* * *
Быть старообрядцем — значит необычайно высоко чтить авторитет книги. Старообрядцы не просто единственная категория русского населения Сибири, которая бережно хранит «древлие книги», передавая их и заключенные в них мысли, чувства, знания из поколения в поколение; они — единственные, кто упорно продолжают от руки переписывать книги, переплетать их в надежные кожано-деревянные переплеты, поддерживая тем существование своеобразных средневековых скрипториев — мастерских по изготовлению книг (и это — на пятом столетии существования на Руси типографского печатного станка!). Старообрядцы — единственные, кто сумел сохранить типично средневековые отношения человека и книги.
Много десятилетий имея дело со старообрядцами и их книгами, удивляешься тому, что в их среде, кажется, нетрудно прослыть книгочеем и книжным знатоком. Но необычайно редко встречаешь старообрядца, у которого множество личных книг; обычно тех, которые держат у себя в доме, которые читаются ежедневно — две-три, много — пять книг. Всю жизнь читает пять книг, но — книгочей!? Беседуешь с ним — действительно, многомудрый собеседник с живыми до глубокой старости глазами и богатейшей речью, которую все реже и реже встречаешь в обыденной жизни.
— Да какие книги? Мы малограмотные, почитываем вот Псалтирь да Евангелие, по праздникам — сборничок письменной, в нем поучения и слова из Пролога — еще от тятиного отца остался, сам его и переписывал…
Две-три книги могут всю жизнь окормлять духовно? Тогда какого же немыслимого уровня духовности достигли сегодня мы, имеющие дома сотни и сотни книг — часто повернуться невозможно из-за них?
Оказывается, дело не в количестве книг, а в способе чтения.
Сегодня мы берем новую книгу и, «проработав» ее, ставим на полку — всю нужную информацию (в том числе и духовно-эмоциональную) мы вычерпали из этой книги — вычерпали, и неизвестно, когда и для чего снова снимем ее с полки; вполне может быть, возьмем ее для того, чтобы освободить место для другой подобной книги.

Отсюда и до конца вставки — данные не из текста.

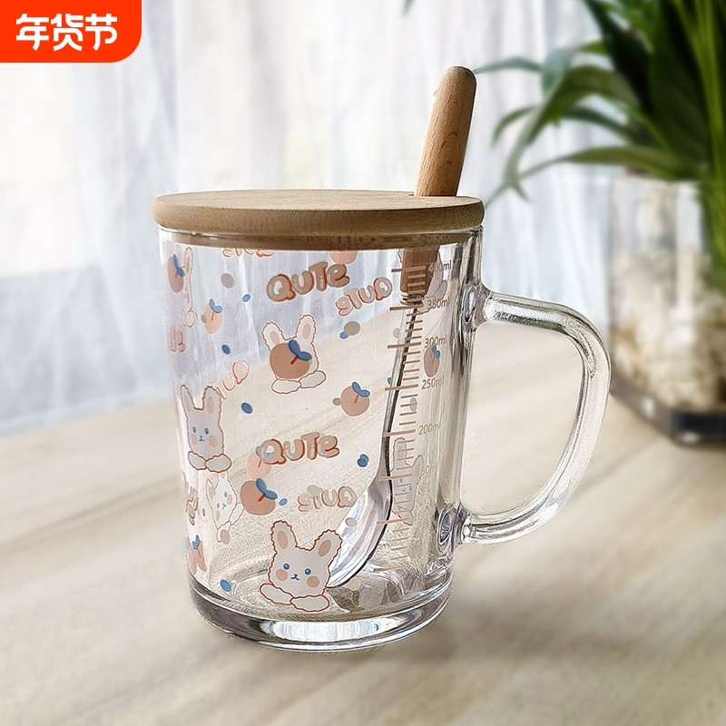 卡通玻璃吸管杯可爱牛奶杯早餐刻度杯带盖勺礼物便携水杯微波炉杯

Можно возразить против такого понимания современного процесса чтения и привести в пример любые любимые книги (классику, например, поэзию), к которым обращаемся многократно. Но многократное обращение к любимой книге (речь не о подручном повседневном справочнике, а о книге, о которой думаешь как о дорогом тебе человеке!) таит в себе, как кажется, чудом и только локально сохранившийся реликт именно средневекового отношения к книге.
Такое отношение к книге и чтению подразумевает не получение «новой информации» — какая может быть «новая информация» в книге, которая содержит вечные, неизменяемые Божественные истины, истины, дающие истинный смысл земному человеческому существованию и приуготовляющие его к вечной жизни?! Это содержание твердо усваивается с первых разумных шагов по жизни.